As a parent, I love my children more than anything else in the world, and I want them to be safe, strong, happy and healthy.
I want to be a good mother. I love photos of mothers bathed in the warm, peaceful light of the golden hour, sitting in a field of wildflowers, holding their children affectionately while wearing a pretty floral dress. She has patience in abundance and loves to spend every possible moment caring for her children. That’s the kind of mother I dream of being.
Sometimes being a mother comes easily to me—like when the right thing to say leaves my mouth and my kids’ faces brighten and I know I said exactly what they needed to hear. I try and anticipate my children’s needs and meet them. I try to be patient and kind, to listen and play with them as much as I cook and prepare for them. I try and spend the time talking with them about the little things because as someone has said, the little things are the big things to them, and I want them to talk to me about the big things when they grow up.
As many as there are good motherhood moments, sometimes being a “good mom” feels like an elusive quality that I just can’t grasp. It floats away from me, and I’m left feeling impatient, snappy and frustrated, and we’re all out of joint and nothing goes the way it should. I feel like I’m a failure of a mother as often as I feel like I’m a good mother. I observe other mothers out in public, I talk with friends who are mothers, I am part of a family in which many are mothers. I read about them, I see them on TV and watch them in movies—these other mothers—and I see in them what I am not.
I often find myself wishing I was more like “other mothers. “ “Other mothers” are more patient, more kind. They have their tempers on a tight, strong leash while my temper’s leash seems to be composed of threads that unravel a lot. They don’t care about messes and embrace the adventures had in the midst of the chaos. They want nothing more than to make memories with their kids. They look lovingly at their child with the slightest air of displeasure when their kids spill an entire glass of orange juice, and then wipe it up with one fell swoop of Bounty, and they don’t chide the child to be more careful. They drop everything to answer their kids’ questions, never telling them to “wait a few minutes, please; I just need to finish sending a couple of important emails.” They have nothing to feel guilty about.
I started realizing that by idealizing all the good aspects of all the “good moms,” I was creating an archetype of the perfect mother, and distancing myself from her all the while. I could barely see her, that ideal mother, because she was so high up on a pedestal, her pretty shoes barely visible. I could barely see her, but I desperately strived to be her.
But I have also realized that every mother is not the same person. There are so many kinds of people with so many different childhoods, different life experiences, different personalities and different lives, different challenges, different strengths and weaknesses, different values and motivations, different family dynamics. Then, many of them become mothers. Just because they become mothers doesn’t mean they all left themselves behind and transformed into the same person: “good moms.” Yes, parents routinely “die to self” for the sake of their kids’ needs, but trust me, you’re still in there, and the truth about who you are will come out and be even more apparent when you have kids.
There are so many kinds of mothers because there are so many kinds of people.
We’re all different mothers, but it doesn’t mean there is only one combination of personality and life experience that comprises a “good mom.”

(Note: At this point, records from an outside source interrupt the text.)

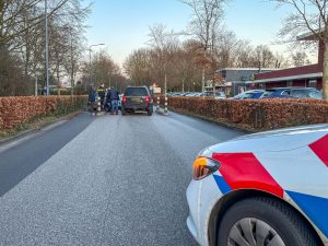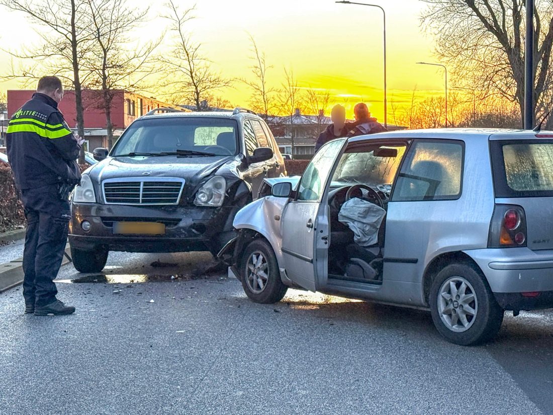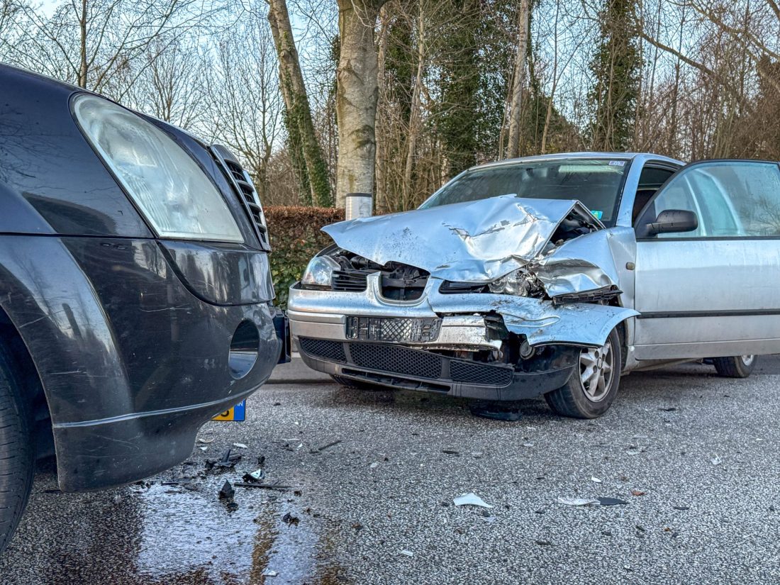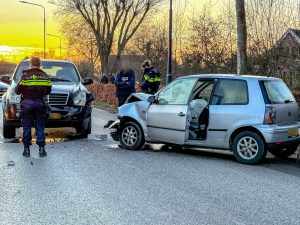 Door een laag staande zon kwamen twee auto’s frontaal met elkaar in botsing in een wegversmalling. Ambulancepersoneel heeft ter plaatse de inzittenden gecontroleerd maar vervoer naar het ziekenhuis bleek niet nodig.
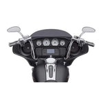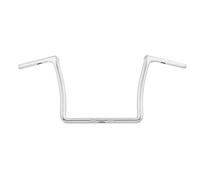 Fused Handlebar delivers the renegade, fists-in-the-wind riding style you crave. Chrome finish. Muscular cast elbows eliminate sharp internal bends to simplify the internal wiring. 1.25" bar slims down to 1" at the base to fit with the Original Equipment handlebar clamps. Material Content: Steel. Tip-To-Tip Measurement: 38 inch. Base Width: 17.40 inch. Rise: 12.90 inch. Pullback: 4.6 inch.
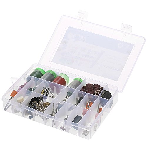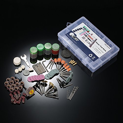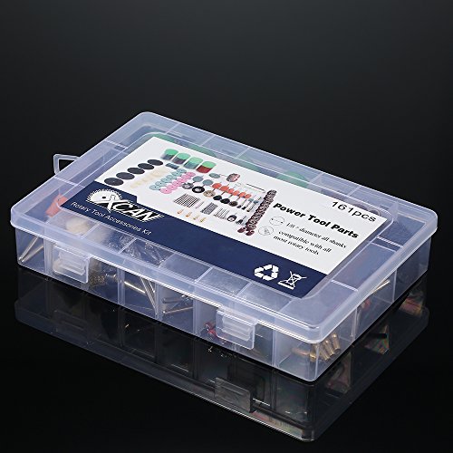 161点の回転ツールアクセサリーキット。切削ディスク、研磨ワックス、ドリルビット、石研磨ホイール、シャンク、砥石、羊毛フェルト、研削針などが含まれています。すべてのタイプのハードとデリケートな素材の細部ワークに最適です。
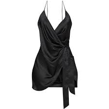 Black Satin Halterneck Wrap Bodycon Dress 44 Liked On Polyvore Featuring Dresses Halter Wrap Dress Bodycon Dress Black Satin Dress Bodycon Cocktail Dress
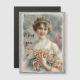 Envíe como tarjeta de agradecimiento o como fiesta de primavera. Postal de propósito para cualquier ocasión. Este hermoso diseño presenta a una mujer victoriana sosteniendo varias rosas rosas rosas y sus hojas y tallos ligeramente en sus brazos. El fondo es un estilo abstracto de acuarela variada.
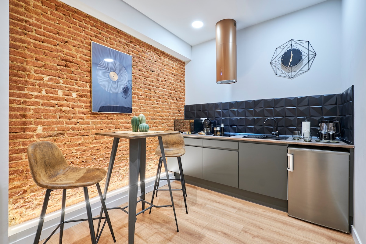 A „Vine” lakás Madrid központjában, a Gran Via mellett található, egy csendes utcában, egy új épületben, lifttel. Természet ihlette, világos és modern, Wi-Fi-kapcsolattal rendelkezik, teljesen felszerelt, és nagyon közel található éttermekhez, tapasokhoz, metróvonalakhoz, üzletekhez és galériákhoz. A legjobb egyedülállóknak, pároknak vagy gyerekes pároknak! A háziállatokat boldogan hívjuk meg!!! Az apartman egy új bulidingban található, lifttel! Modern kialakítású, sok zöld növényzettel, a nevére, Vine. Az egész lakás hosszában egy hatalmas ablak egy gyönyörű privát kertre néz. A lakás egy kétszemélyes ággyal rendelkező hálószobából, egy kihúzható kanapéval, konyhával és fürdőszobával rendelkező nappaliból áll. Van Wi-Fi, és teljesen felszerelt, van benne mosógép, tévé, légkondicionáló és Nespresso kávéfőző - minden készen áll a kényelemre és az élvezetre! A lakás egy stúdió nyílt terű lakás - és a tiéd, hogy élvezd! A lakásban nincsenek olyan területek, amelyeket nem használhatsz vagy használhatsz! Szeretünk vendégeket fogadni, de tiszteletben tartjuk a vendégeink magánéletét is! Annyit vagyunk itt neked, amennyit csak szeretnél! A nyüzsgő Malasana városrészen, a Gran Via közelében található számos autentikus kávézónak, tapasnak és bárnak ad otthont. A hatalmas Zara Primark & Mango percekre található. A legjobb madridi helyszínek, például a Royal Palace, a Puerta del Sol & Museums sétatávolságra találhatók A Gran Via központi metróállomás 2 perces sétára található az apartmantól. Innen metróval bárhová eljuthatsz Madridban, valamint az összes vasútállomásra, amely Madridból Spanyolország többi részébe visz. Ha autóval érkezel, egy nagy parkoló található a madridi Barco 1-nél, mindössze egy percre a lakástól. A közelben van egy kerékpárkölcsönző is. Egy vendégfogadási készlet vízből, üdítőből, tejből, kávéból, teából és édesítőből álló készlet vár rád :-)
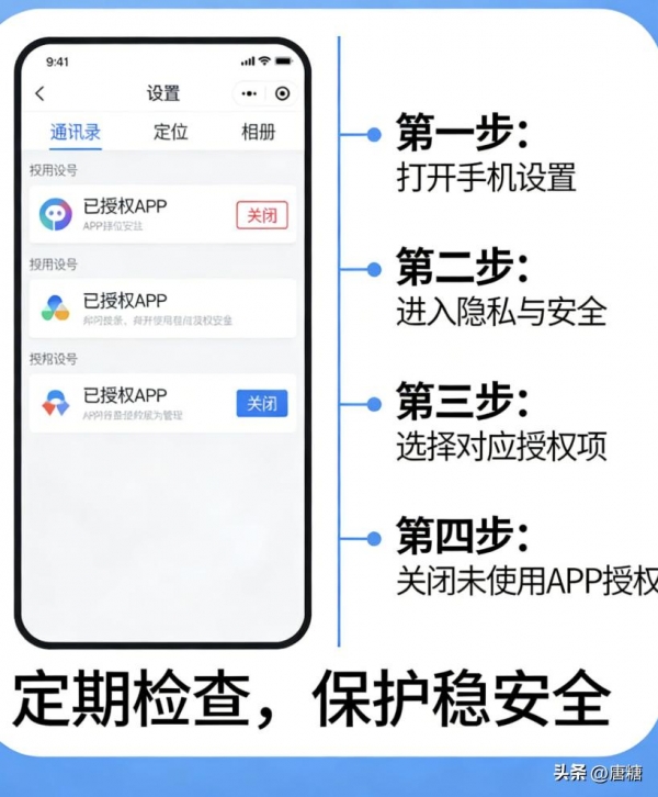 现在看下你的手机,把所有的通讯录、定位、相册授权的APP,没用的全部关掉!

Many people say that their mom is the best mom in the world, but if you lined up all of those best moms in the world, you would see a row of vastly different people. If every mom is the best mom in the world, then no mom is the best mom in the world. This isn’t a bad thing; it’s a good thing. It means that every mother is what her kids need; every mother is an imperfect human with good days and bad days; every mother is trying to do what is best for their kids; every mother expresses their love for their children in different ways.
On this Mother’s Day, I want to encourage all the mothers out there to just be the “you” kind of mother. It’s what you were created to be, and every day, you are living out the best kind of mother for your kids. God knew all this when He created you and created your children. Happy Mother’s Day, and much love to you!